Один из наиболее ярких кульминационных моментов в философии имманентности рыбы можно найти в «Тысяче плато» Делёза и Гваттари, для которых неограниченное становление элементов – это само производство абстрактной машины космоса. Делёз и Гваттари использовали животное в качестве позитивной модели своей аффирмативной онтологии[217], вознося его на самую вершину философской вселенной становления:
Стать каждым – значит создавать мир, создавать некий мир. Благодаря устранению мы уже не более чем абстрактная линия или же деталь головоломки, которая сама по себе абстрактна. Именно сопрягаясь, продолжаясь с другими линиями, с другими деталями, мы создаем мир, который мог бы окутать первый как некая прозрачность. Животная элегантность, рыбка-камуфлятор, подпольное – по ним проходят абстрактные линии, не похожие ни на что и не следующие даже своим органическим делениям; но так дезорганизованная, дезартикулированная, она творит мир с линиями скалы, песка и водорослей, становясь невоспринимаемой. Рыбка подобна китайскому художнику-поэту – не подражательному, не структурному, а космическому[218].

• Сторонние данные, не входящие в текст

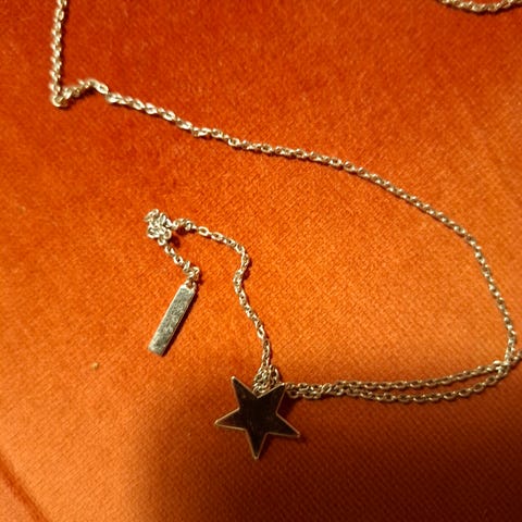 Givenchy vintage stjerne smykke fra 1979 med merking navn årstall bak. Det er gullbelagt og platina eller sølv i tuppene rundt stener i små krystaller. Ca cm mål: 3,5 x 2,5 kjede er ca 40 langt.

«Создание мира», мирствование, в которое вовлечена делёзовская рыба, выглядит как своеобразная инверсия картины мира, представленной в «Монадологии» Лейбница. То, что у Делёза и Гваттари становится «дезорганизованным, дезартикулированным», у Лейбница все еще «культивируется», порядок вселенной монад защищен от любого хаоса или беспорядка:
Всякую часть материи можно представить наподобие сада, полного растений, и пруда, полного рыб. Но каждая ветвь растения, каждый член животного, каждая капля его соков есть опять такой же сад или такой же пруд. И хотя земля и воздух, находящиеся между растениями в саду, или вода – между рыбами в пруду не есть растение или рыба, но они все-таки опять заключают в себе рыб и растения, хотя в большинстве случаев последние бывают так малы, что неуловимы для наших восприятий. Таким образом, во вселенной нет ничего невозделанного, или бесплодного: нет смерти, нет хаоса, нет беспорядочного смешения, разве только по видимости; почти то же кажется нам в пруду на некотором расстоянии, с которого мы видим перепутанное движение рыб и, так сказать, кишение их, не различая при этом самих рыб[219].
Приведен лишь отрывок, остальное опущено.